I found myself staring at a photograph of a handsome young man in outdoor gear. His hair was windswept. His skin was flushed. He was smiling with a moorland scene behind him. I got the impression the photograph had been taken during a hike.

Seeing him increased the churning in my blood.

I didn’t recognize him. It wasn’t as simple or as concrete as that. But I felt something. A stirring. An intangible sense of a connection, somehow.

A pressure was building in my head, like the beginning of a migraine. A strange tingling across my skin.

And then a bright flash behind my eyes. Stinging. Blinding.

And . . . something.

‘What is it?’ Donovan asked. ‘What’s happening to you?’

I groaned. Pressed the heel of my hand against the side of my head.

I didn’t want to white-out again.

I couldn’t.

But I also sensed I was close to something.

‘Talk to me,’ Donovan said.

I bared my teeth and squinted at the photograph again.

The man featured in it – Oliver – looked tall and physically imposing. Like the blurred, dark figure who’d attacked me.

With the metallic rasping voice.

‘I’ve been watching you.’

Another painful flash.

And a flicker of darkness behind it.

In my mind’s eye I glimpsed a smudged and indistinct vision of a face, of movement, of someone crowding in on me.

Was it possible that Oliver had been the man who’d assaulted me in the bathroom?

‘Louise?’

I winced and massaged my temples.

I didn’t know if it was possible, but if it had been Oliver, then it could explain something else. Part of the reason the attack had been so frightening was because it had been apparently motiveless. But perhaps it had been inexplicable because the man who’d attacked me had been tragically unbalanced. Perhaps he’d lashed out because it had been the precursor to a more terminal crisis.

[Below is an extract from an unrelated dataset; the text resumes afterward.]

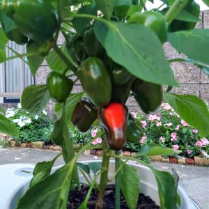 おうち野菜モニターのパプリカぱぷりーな 実がいっぱい成ってるので色づく前に収穫しました🫑 1番小さいのは土の上に落ちてました、お疲れなのかな?!
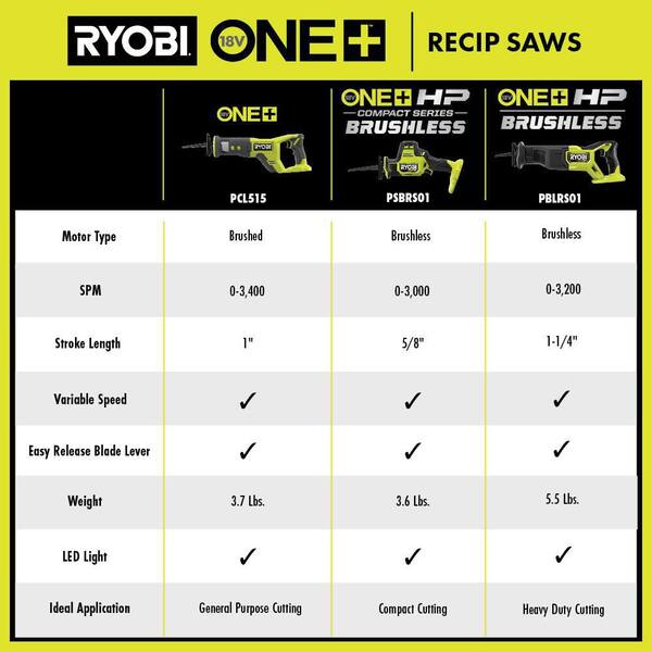 RYOBI introduces the 18V ONE+ Cordless Reciprocating Saw Kit with (1) 4.0 Ah Battery and Charger. Equipped with a 1 in. stroke length and 3400 SPM this saw is ideal for fast cuts through mutliple materials. The easy blade release lever ensures simple blade changes to quickly switch between cutting applications to complete over 145 cuts per charge. The variable speed trigger and pivoting shoe maximize control throughout the duration of the cut. The included battery and charger are compatible with all RYOBI 18V Tools. Best of all it is part of the RYOBI ONE+ System of over 280 Cordless Products that all work on the same battery platform. This 18V ONE+ Cordless Reciprocating Saw is backed by the RYOBI 3-Year Manufacturer¡¯s Warranty and includes a 4.0 Ah Battery 18V Charger and operator's manual.

‘How do you know he was pushed?’ I asked.

He tensed. ‘You’re suggesting he jumped?’

‘Yes.’

‘That’s where the police got to. Oliver had some issues. A history of clinical depression. They decided he could have got the blood under his fingernails another way.’

My way, I thought. With what happened to me in that bathroom.

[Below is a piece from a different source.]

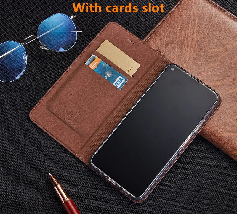 Магнитный флип-чехол из натуральной кожи, Карманный чехол для карт ...

‘So they stopped looking.’ His jaw stiffened as he put his phone away, still gauging me intently as I stopped rubbing my temples and lowered my hands. ‘Nobody’s been looking into this properly until I got back from my posting.’

He twirled the knife around some more, the blade grinding against granite.

‘But I know he didn’t jump. I know he was working through his problems. And he had a lot to live for. Everything a young guy could possibly want. He’d just moved into an apartment he shared with his sister. My sister, too, as it happens. That’s why I know he had to have been pushed. Because Oliver was my little brother.’